Degreaded point performance on some examples compared to the playground
When running this code with the below image in the playground you get very good results, with the detection of the majority of the spectators in the image.
In contrast, running this code on the same image finds only a single spectator. Does anyone know why? What is the difference between the playground and the model from huggingface?
import torch
import numpy as np
from PIL import Image
from transformers import AutoModelForCausalLM
moondream_model = AutoModelForCausalLM.from_pretrained(
"moondream/moondream3-preview", trust_remote_code=True, torch_dtype=torch.float32, device_map={"": "cuda"}
)
image = Image.open("baseball.png")
result = moondream_model.point(image, "spectator")
for i, point in enumerate(result["points"]):
print(f"Point {i+1}: x={point['x']:.3f}, y={point['y']:.3f}")
One thing that comes to mind is that the playground runs the model in bfloat16 -- since it was trained in that precision it's possible running in float32 causes issues?
Me too. The performance on their website is much better than when I download the model and test it locally.
One thing that comes to mind is that the playground runs the model in bfloat16 -- since it was trained in that precision it's possible running in float32 causes issues?
I run the model in torch.bfloat16 but still got different results compared to the results in the playground.
Me too. The performance on their website is much better than when I download the model and test it locally.
Hi, have you found a solution to solve this issue?
Can you share the image and your results from running it locally?
Can you share the image and your results from running it locally?
Thanks for your reply. The image is attached, and the text for point query is "all floor areas"
The code I use locally is:
from transformers import AutoModelForCausalLM
from PIL import Image
import torch
import time
import matplotlib.pyplot as plt
if __name__ == '__main__':
model = AutoModelForCausalLM.from_pretrained(
"moondream/moondream3-preview",
trust_remote_code=True,
dtype=torch.bfloat16,
device_map="cuda"
)
model.eval()
model.compile()
with torch.inference_mode():
image = Image.open("/media/jcx/SSD_2T/NeRF_Dataset/Replica/room0/rgb/frame000000.jpg")

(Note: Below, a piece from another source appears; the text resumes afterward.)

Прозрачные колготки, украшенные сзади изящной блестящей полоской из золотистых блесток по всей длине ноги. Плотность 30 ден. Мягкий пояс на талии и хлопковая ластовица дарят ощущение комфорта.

encoded_image = model.encode_image(image)
result = model.point(encoded_image, "all floor areas")
points = result["points"]
print(f"Found {len(points)} all floor areas")
# Visualize the points
plt.figure(figsize=(10, 10))
plt.imshow(image)
for point in points:
# Convert normalized coordinates to pixel values
x = point["x"] * image.width
y = point["y"] * image.height
# Plot the point
plt.plot(x, y, 'ro', markersize=15, alpha=0.7)
plt.text(
x + 10, y, "Face",
color='white', fontsize=12,
bbox=dict(facecolor='red', alpha=0.5)
)
plt.axis('off')
plt.savefig("output_with_points.jpg")
plt.show()
And the results from local code is:
Would also be very interested to know why performance differs so much between playground and local deployment, because the playground version rund really well.

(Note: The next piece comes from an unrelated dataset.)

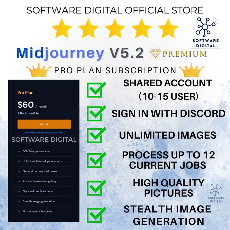 ?Only one device per login, only can access on PC / Laptop / Mac / iPad *We are using QRCODE simple login method for discord to access midjourney ! *It is a sharing account and will be using seller discord ! *Each User will have own private user channel ! * Free PS AI BETA 2023 for purchase 3 Months Plan and above! ??? ?????? ????? ?????????? ?????, ?????? ????? [??? ????] !!! ? ?????????? ???????? ???? ? 15 hours/month of Fast GPU Time* ? Unlimited Relaxed Mode GPU TIME (v5.1) ? Access to the exclusive member gallery ? Capacity for 3 concurrent jobs, and a queue of 10 jobs* ? Priority access to new features and improvements ⚡ ?????????? ??? ???? + ? 30 hours/month of Fast GPU Time* ? Stealth Mode exclusively for Pro users ? Unlimited Relaxed Mode GPU TIME (v5.1) ? Access to the member gallery ? Ability to run 12 concurrent Fast Jobs, 3 concurrent Relaxed Jobs, and a queue of 10 jobs* ? Priority access to new features and improvements * Fast hours are based on FCFS, and some functions may limit! ? OUR PROMISE TO YOU ? Swift delivery! ? Unbeatable prices! ? Outstanding after-sales service! ? Always ready to assist you via chat! ??? Midjourney: The AI Art Generator that Brings Your Ideas to Life! ? Generate beautiful, high-quality images from natural language prompts using Midjourney's powerful AI technology. ? With Midjourney, you don't need to be an artist to create stunning visuals. Simply type in your idea or description, and the bot will generate a set of four images for you to choose from. ? Midjourney is available as a Discord bot, making it easy to access and use from anywhere. Plus, it's currently in open beta, so you can try it out for free! ? Choose from a variety of themes and styles to create the perfect image for your project or idea. From landscapes and animals to abstract art and more, Midjourney has something for everyone. ? The Midjourney team is constantly working to improve and expand the capabilities of the AI, so you can expect even more amazing features in the future. ? Whether you're a designer, writer, marketer, or just someone with a creative vision, Midjourney is the perfect tool for bringing your ideas to life in stunning detail. Try it out today and see for yourself! ?? ?&?. ? No Refund & all sales final ? Backup your own artwork and data ? Don’t share your account with others ? Do not change the password and email ? Bugs and server down may still occur as it is still in a new stage ? Please note that the lifetime validity of the product subscription is subject to either the end-of-business on the agreed-upon date or any changes to Midjourney subscription policy. ??? ? Shared Account? Absolutely! ? ? Need instructions? Our comprehensive guide is here to help! ?? ? Must I use the seller-provided account? Yes, indeed! ? To obtain this product, follow these steps: ✅ Complete payment via Shopee. ✅ Message us. ✅ Follow instructions provided for login.

@JCX1999 Thanks for sharing your code. The Cloud API (and by extension the playground) uses our new inference engine (Kestrel), which could be contributing to a slight change in outputs. Has the playground been consistently better, or is it just this example?
Aside: can you give me some context as to your use case?
@JCX1999 Thanks for sharing your code. The Cloud API (and by extension the playground) uses our new inference engine (Kestrel), which could be contributing to a slight change in outputs. Has the playground been consistently better, or is it just this example?
Aside: can you give me some context as to your use case?
@err805 Thank you for your reply. I’ve found the Playground consistently better. I’m using Moondream for semantic labeling and was wondering if it’s possible to run the model locally with the new Kestrel inference engine.